=== Begin Enclosure ===
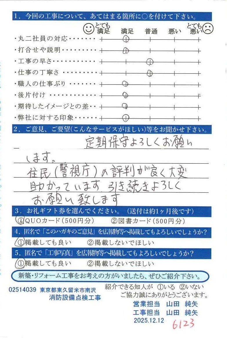 定期保守よろしくお願いします。住民(警視庁)の評判が良く大変助かっています。引き続きよろしくお願い致します。
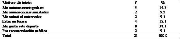En este momento, es importante aclarar qué es lo que motiva a estar personas a iniciarse en la práctica de baloncesto en silla de ruedas a nivel federado. Los datos de la tabla 5 muestran que, de las respuestas aportadas, el principal motivo de práctica es de carácter recreativo, al revelar que es un deporte que les gusta (38.1%), siendo el siguiente de carácter saludable, estar en forma (19.3%) y apareciendo en tercer lugar motivos de carácter extrínseco como el ánimo familiar (14.3%) y el apoyo de su grupo de iguales (9.5%). Los motivos deportivos (9.5%) y clínicos (9.5%) son los menos valorados. Todos ellos son considerados como factores que actúan como facilitadores de esta práctica deportiva.
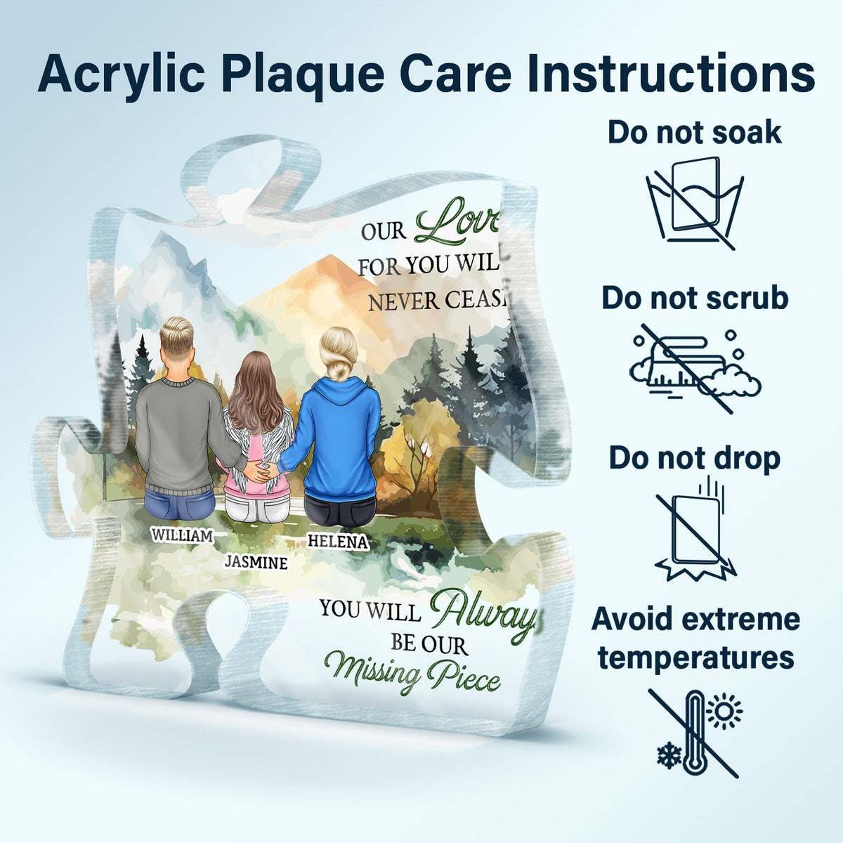 Our Love For You Will Never Cease - Memorial Gift For Family, Friend - Personalized Puzzle Shaped Acrylic Plaque
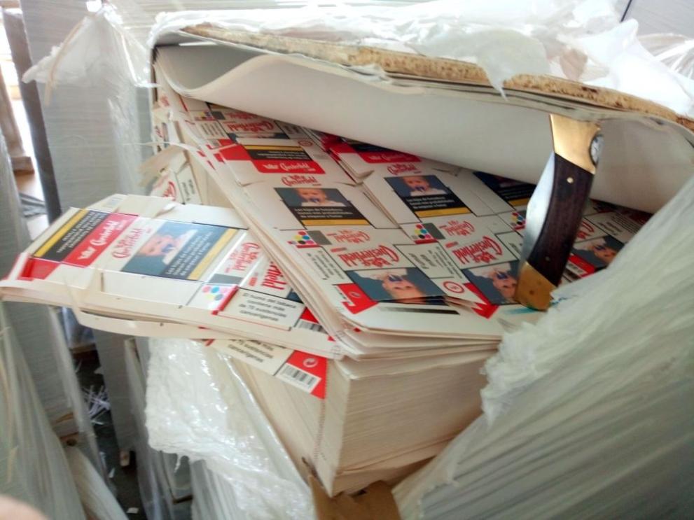 Освен тези 40 палета в хладилното полуремарке са открити и още две палета с по 144 бобини лента за филтри. палетата със заготовките за цигари са фолирани с бяло непрозрачно фолио, без никакви отличителни данни като баркодове, надписи или стикери, даващи информация за техния производител. На всеки от листовете със заготовки има по 20 изрезки на кутии за цигари.
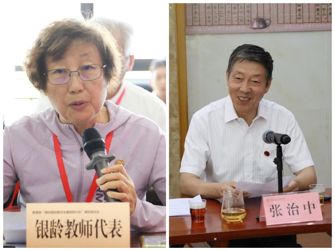 在滇西大总部支教的建设工程学院杨微老师结合多年的支教经历,分享了对西部教育振兴的深刻感悟,详细指出银龄教师如何在教学、科研、教师培养、教学质量和服务地方等方面发挥政治优势、专业优势和经验优势。在滇西大学普洱茶学院支教的外国语学院张治中老师作为“银龄计划”首批到岗的教师,通过“分层教学法”显著提升学生考研成功率,并带培5名青年教师,助力学院英语师资团队从4人扩至9人。
=== End Enclosure ===
◆ Exercise instructions ◆
Would you please copy the listing exactly, omitting every picture?

◆ Solution to this exercise ◆
 定期保守よろしくお願いします。住民(警視庁)の評判が良く大変助かっています。引き続きよろしくお願い致します。
En este momento, es importante aclarar qué es lo que motiva a estar personas a iniciarse en la práctica de baloncesto en silla de ruedas a nivel federado. Los datos de la tabla 5 muestran que, de las respuestas aportadas, el principal motivo de práctica es de carácter recreativo, al revelar que es un deporte que les gusta (38.1%), siendo el siguiente de carácter saludable, estar en forma (19.3%) y apareciendo en tercer lugar motivos de carácter extrínseco como el ánimo familiar (14.3%) y el apoyo de su grupo de iguales (9.5%). Los motivos deportivos (9.5%) y clínicos (9.5%) son los menos valorados. Todos ellos son considerados como factores que actúan como facilitadores de esta práctica deportiva.
 Our Love For You Will Never Cease - Memorial Gift For Family, Friend - Personalized Puzzle Shaped Acrylic Plaque
 Освен тези 40 палета в хладилното полуремарке са открити и още две палета с по 144 бобини лента за филтри. палетата със заготовките за цигари са фолирани с бяло непрозрачно фолио, без никакви отличителни данни като баркодове, надписи или стикери, даващи информация за техния производител. На всеки от листовете със заготовки има по 20 изрезки на кутии за цигари.
 在滇西大总部支教的建设工程学院杨微老师结合多年的支教经历,分享了对西部教育振兴的深刻感悟,详细指出银龄教师如何在教学、科研、教师培养、教学质量和服务地方等方面发挥政治优势、专业优势和经验优势。在滇西大学普洱茶学院支教的外国语学院张治中老师作为“银龄计划”首批到岗的教师,通过“分层教学法”显著提升学生考研成功率,并带培5名青年教师,助力学院英语师资团队从4人扩至9人。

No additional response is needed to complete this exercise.